1930 The new decade brought new designs. One in particular, the KTP, had coil ignition and twin exhausts, but it was not very popular.
1933 A new design was introduced. This was the MOV with ohv and intended as a gap filler between models. This classic design was so successful that the company continued to produce it throughout its existence.
1935 The MSS appeared. This was as a result of boring out the 495cc MAC engine.
1938-1939 During the previous few years, progressive KTT development had led to the production of Mk numbers. In both years the Junior TT was won by Stanley Woods. During 1939 two new and innovative models appeared. Both were twins (one for road and the other for racing), both had the crankshaft set along the frame and both had a four-speed gearbox. The racing twin was never raced. The road model never progressed beyond prototype but the suspension design was used after the war.
WWII The company made models for the French and for the RAF - less exotic but still different road machines.
1947-1949 The firm returned to making both racing and road models, including the LE. This was most notable as being clean and easy to ride as it was small, smooth and very quiet. It was aimed at
the mass market. It didn't quite make the impact intended and proved to be unsuccessful and costly. While advanced, it was sedate and economical - and unpopular, but it was the arrival of the
scooterette that did achieve that success. As for the scooter, it was never really able to compete with its neat and nifty Italian counterpart. Despite its flaccid sales, the LE remained in
production from 1949 until 1970. Success came at the TT in all three of those years. Freddie Frith won all five races to take the world title.

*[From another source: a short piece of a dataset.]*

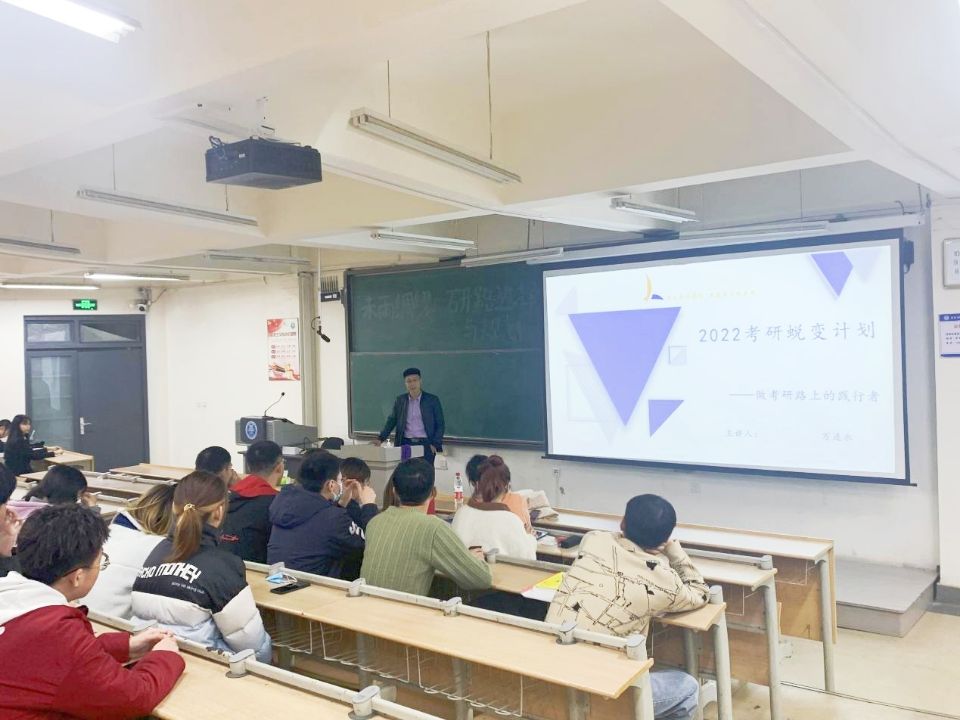 讲座伊始,万进永就2021届学子考研情况入手,从考研规划、考研高校选择、初试复试等准备问题为同学们解答疑惑。从专业备考的角度详细划分解读考研复习时间段,帮助人文社科学子把握有效关键时间点;详细解读关于志愿选择、院校分析等相关信息,通过辽宁大学为例详细分析国内知名高校,帮助有意向的学子从自身情况出发选择适合自己且容易上岸的院校,同时对意向人文社科的学子介绍课报考专业的优缺点,为学生们选择目标学校专业提供充分细致支持。讲座结束后,同学们纷纷表示感触颇深,广告181班杨旭同学表示,“通过此次讲座了解该如何进行考研学习规划,并对未来考研院校有了打算,确立了明确目标,感到受益匪浅。”

1950 Bob Foster took the title that year.
1951-1953 Engine changes were made to the LE and the MAC and rear suspension was introduced.
1955 A Scrambler appeared, with a tuned engine.
1956 The Endurance was produced for the American market. Velocette also announced the arrival of two sports models the Viper and the Venom - high-performance machines, fast and powerful.
1957 The kick-start Valiant arrived. This was a sports model based on the amended LE. Although it was advanced it was cumbersome and expensive, and not very popular as there were cheaper and better performing models.
1958 The LE adopted four-speeds, foot change and kick-start. It sold well to many police forces as it was quick and quiet.
1960s The two sports models (Viper and Venom) were produced in many variations and with many different names.
1961 The last of the true new models was produced. Known as the Viceroy scooter, it was scorned by Velocette enthusiasts and a big mistake. The machine was huge and unwieldy, and as it arrived
when the market was dwindling, it was not a success.
1964 The Vogue went into production. It was a great improvement, had a glass-fibre body, twin headlights and many other refinements, but it didn't do well.
1965 Enthusiasts were pleased to see the arrival of the Thruxton - a souped-up Venom, which was their most powerful machine and one of the best contemporary singles. It was a speedy, high performance sports machine with clean lines.
1966-1968 The market was shrinking and times were hard. The company lost money on the Viceroy and Vogue.
1969 Things picked up a little as Floyd Clymer arranged for the Indian Velocette to be built by Italjet.
1970 Floyd Clymer died and his project and ideas went with him. By the end of that year the firm was in serious trouble.
1971 The company went into liquidation, but the Goodman family settled all outstanding debts.
Post 1971 Spares were still available as the rights to the name had passed to Matt Holder and then on to his son David Holder. Permission was eventually given by one of the Goodman relatives for David Holder to use the Velocette name on a complete machine.
1998 A Classic Bike show in Stafford exhibited a road model with a revised Thruxton engine. There were also plans for a street-scrambler.